▶ [YOUR INSTRUCTIONS]
Look through the records below for the line with "RHG01 Round Cut" and the line with "安娜苏的腮红,粉饼,蜜粉便携装,MAC的暗影粉,阿玛尼的眼影", then return those lines and all lines between, exactly.
-*-*-
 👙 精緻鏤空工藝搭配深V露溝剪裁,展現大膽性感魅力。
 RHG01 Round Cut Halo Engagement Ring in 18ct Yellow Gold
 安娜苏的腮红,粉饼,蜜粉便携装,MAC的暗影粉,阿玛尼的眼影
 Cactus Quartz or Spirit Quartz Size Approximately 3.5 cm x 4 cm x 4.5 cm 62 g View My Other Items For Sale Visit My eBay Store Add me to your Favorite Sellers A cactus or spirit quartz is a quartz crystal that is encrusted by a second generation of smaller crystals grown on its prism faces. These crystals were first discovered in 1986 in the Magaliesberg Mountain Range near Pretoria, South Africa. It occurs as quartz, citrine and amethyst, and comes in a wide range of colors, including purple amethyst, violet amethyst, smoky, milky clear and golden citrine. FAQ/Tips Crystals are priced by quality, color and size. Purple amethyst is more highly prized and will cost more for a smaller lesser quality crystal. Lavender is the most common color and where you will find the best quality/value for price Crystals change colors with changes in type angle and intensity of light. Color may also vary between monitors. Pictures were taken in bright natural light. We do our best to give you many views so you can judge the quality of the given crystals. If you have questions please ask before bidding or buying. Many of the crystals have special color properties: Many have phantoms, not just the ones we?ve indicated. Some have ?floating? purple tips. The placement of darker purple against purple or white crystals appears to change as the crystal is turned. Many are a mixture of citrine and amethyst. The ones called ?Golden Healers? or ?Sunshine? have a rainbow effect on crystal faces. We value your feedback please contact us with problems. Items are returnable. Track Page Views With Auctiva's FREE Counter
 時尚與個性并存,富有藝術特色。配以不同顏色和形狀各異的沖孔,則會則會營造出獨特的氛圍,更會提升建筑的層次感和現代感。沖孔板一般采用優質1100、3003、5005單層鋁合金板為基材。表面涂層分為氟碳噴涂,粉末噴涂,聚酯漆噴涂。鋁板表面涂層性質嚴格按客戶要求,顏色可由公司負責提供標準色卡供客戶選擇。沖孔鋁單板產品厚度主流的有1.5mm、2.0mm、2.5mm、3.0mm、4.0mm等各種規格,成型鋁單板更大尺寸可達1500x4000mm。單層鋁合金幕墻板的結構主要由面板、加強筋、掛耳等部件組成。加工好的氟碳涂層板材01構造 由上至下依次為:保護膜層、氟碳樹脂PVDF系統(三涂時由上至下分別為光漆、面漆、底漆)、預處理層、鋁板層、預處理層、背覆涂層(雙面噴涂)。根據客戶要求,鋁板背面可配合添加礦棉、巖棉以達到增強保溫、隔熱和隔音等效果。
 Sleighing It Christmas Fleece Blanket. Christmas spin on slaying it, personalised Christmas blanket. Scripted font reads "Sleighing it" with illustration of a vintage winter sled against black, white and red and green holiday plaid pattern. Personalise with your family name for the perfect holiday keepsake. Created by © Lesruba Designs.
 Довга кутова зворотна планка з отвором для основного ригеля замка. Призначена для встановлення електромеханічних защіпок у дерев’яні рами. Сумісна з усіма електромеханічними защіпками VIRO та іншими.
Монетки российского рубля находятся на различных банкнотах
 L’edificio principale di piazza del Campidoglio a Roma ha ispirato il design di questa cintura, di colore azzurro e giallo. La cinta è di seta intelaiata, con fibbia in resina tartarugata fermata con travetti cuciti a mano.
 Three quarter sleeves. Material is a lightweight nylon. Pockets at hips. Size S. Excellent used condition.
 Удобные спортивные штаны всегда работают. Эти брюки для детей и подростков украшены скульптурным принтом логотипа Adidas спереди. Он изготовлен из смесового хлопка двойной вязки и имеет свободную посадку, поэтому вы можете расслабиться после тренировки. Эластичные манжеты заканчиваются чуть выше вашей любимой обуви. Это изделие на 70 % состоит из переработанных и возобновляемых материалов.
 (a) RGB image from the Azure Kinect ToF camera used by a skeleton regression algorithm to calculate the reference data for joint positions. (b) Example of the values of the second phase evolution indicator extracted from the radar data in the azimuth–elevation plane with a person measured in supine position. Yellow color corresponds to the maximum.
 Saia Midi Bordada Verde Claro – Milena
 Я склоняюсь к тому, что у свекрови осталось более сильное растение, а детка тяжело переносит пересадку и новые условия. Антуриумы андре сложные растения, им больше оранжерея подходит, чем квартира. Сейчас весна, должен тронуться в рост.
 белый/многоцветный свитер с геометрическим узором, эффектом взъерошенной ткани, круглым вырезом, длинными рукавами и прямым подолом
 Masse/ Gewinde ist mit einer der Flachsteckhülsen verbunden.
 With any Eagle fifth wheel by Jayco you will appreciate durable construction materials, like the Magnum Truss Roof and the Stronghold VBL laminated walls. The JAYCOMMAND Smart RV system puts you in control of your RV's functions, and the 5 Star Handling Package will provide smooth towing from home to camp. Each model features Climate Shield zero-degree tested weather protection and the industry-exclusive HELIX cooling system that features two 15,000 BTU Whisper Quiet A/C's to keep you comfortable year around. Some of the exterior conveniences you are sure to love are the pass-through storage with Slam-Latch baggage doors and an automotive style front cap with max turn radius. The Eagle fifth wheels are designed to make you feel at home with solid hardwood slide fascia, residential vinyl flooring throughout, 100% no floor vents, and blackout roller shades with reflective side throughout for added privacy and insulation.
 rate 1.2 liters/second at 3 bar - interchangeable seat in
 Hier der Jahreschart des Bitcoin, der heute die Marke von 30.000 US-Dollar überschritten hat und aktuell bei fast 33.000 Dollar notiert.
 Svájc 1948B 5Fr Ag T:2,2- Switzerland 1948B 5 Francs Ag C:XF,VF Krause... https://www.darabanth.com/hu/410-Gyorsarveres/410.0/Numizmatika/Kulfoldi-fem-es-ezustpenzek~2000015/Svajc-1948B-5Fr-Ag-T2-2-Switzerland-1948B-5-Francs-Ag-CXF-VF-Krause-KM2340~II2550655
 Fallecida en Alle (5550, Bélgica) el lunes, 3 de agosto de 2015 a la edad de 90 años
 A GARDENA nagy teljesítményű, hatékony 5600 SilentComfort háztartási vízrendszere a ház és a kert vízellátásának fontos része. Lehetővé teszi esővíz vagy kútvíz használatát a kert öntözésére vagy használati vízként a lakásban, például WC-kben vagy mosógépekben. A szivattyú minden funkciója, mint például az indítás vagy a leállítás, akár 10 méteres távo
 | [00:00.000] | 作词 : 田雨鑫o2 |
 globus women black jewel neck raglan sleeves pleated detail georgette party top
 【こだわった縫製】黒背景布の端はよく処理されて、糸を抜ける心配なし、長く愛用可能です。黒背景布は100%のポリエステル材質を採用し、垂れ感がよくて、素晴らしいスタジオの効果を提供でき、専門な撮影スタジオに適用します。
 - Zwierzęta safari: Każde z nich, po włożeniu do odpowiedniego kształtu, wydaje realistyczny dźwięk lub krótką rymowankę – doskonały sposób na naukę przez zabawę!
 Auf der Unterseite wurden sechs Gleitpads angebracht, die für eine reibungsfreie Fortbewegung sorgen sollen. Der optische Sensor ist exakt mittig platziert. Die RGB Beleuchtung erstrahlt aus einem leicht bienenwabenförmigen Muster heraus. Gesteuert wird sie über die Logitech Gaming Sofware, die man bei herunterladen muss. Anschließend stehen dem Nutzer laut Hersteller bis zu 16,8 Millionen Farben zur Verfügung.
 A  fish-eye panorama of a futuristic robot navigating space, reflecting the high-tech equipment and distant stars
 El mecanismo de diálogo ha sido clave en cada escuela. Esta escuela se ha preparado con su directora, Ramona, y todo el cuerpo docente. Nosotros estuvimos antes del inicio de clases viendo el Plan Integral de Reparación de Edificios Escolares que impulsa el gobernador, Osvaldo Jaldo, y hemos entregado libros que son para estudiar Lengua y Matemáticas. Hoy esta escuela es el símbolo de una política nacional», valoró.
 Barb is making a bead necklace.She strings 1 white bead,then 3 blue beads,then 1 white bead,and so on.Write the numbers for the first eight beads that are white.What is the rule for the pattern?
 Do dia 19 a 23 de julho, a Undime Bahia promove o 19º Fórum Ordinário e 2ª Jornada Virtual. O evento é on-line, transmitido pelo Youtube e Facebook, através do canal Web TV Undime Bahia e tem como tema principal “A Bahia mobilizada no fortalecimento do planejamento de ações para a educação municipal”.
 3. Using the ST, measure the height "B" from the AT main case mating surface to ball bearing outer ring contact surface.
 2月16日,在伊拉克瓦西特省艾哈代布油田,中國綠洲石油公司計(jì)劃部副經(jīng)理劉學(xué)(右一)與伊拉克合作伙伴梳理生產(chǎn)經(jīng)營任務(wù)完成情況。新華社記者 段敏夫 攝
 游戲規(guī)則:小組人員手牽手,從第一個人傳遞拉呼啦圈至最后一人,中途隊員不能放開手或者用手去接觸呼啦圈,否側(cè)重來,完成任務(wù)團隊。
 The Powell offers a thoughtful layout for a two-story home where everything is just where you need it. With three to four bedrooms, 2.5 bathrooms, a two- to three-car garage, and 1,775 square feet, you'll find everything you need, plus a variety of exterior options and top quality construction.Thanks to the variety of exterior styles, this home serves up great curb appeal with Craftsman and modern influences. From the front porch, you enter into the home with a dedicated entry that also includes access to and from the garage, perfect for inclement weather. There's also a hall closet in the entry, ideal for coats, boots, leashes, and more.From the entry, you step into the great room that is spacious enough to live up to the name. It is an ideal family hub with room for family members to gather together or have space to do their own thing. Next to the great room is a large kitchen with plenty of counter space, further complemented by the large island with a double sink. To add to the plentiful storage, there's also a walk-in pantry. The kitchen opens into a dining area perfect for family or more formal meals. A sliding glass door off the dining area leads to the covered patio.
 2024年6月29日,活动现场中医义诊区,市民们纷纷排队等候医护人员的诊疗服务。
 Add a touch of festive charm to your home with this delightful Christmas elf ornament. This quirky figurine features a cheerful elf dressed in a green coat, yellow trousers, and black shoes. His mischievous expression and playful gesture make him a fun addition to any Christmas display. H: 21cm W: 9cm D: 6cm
-*-*-
▶ [SOLUTION FOR THIS PROBLEM]
 RHG01 Round Cut Halo Engagement Ring in 18ct Yellow Gold
 安娜苏的腮红,粉饼,蜜粉便携装,MAC的暗影粉,阿玛尼的眼影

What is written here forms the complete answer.